KÜLTÜR SANAT

El Pepe: Yüce bir yaşam

Küresel ekonominin en fakir devlet başkanı unvanına sahip, gelirinin yüzde doksanını hayır kurumlarına bağışlayan, eşiyle beraber köyde yaşayan, sabah uyanıp, kuyudan suyunu çekip, bahçe işlerini yapıp, sonra devlet başkanlığına soyunan, üç bacaklı köpeği ile aynı odada uyuyan eski Uruguay cumhurbaşkanı Jose Mujica hakkında bir belgeselden bahsedeceğiz. Ancak öncelikle bu yüce insanın hayatına kısaca bir göz atalım:

Aramızda onu tanıyanlar varsa, eminim 1987 model Volkswagen Bettle’ını da tanıyacaklardır.

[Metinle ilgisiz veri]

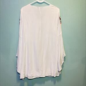 Women's Lulus White Boho Peasant Floral Embroidered Bell Sleeve Tunic Top S
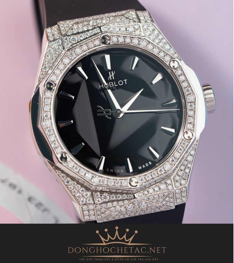Thiết kế: Tái hiện 99% bản gốc, từ thiết kế đa diện Orlinski, bezel đính Moissanite, đến vít chữ H và logo Hublot được chế tác sắc nét.

Yalnızca iki koruması olan eski başkan, sıradan bir çiftçi görünümünde. (Hiç alışkın değiliz değil mi?) Andres Danza ve Ernesto Tulbovitz’in Jose Mujica hakkında yayınlanan “İktidarda bir Kara Koyun” eserinin deyimi ile, o bir “Saraysız Başkan.” Maaşını neden yoksullara bağışladığını ve başkanlık sarayında yaşamadığını ise şöyle açıklıyor: “Başka ıvır zıvırlarla çok uğraşırsanız halkınız için vaktiniz kalmaz!”  Ve ekliyor: “Düşündüğün gibi yaşarsan, yaşadığın gibi düşünürsün.”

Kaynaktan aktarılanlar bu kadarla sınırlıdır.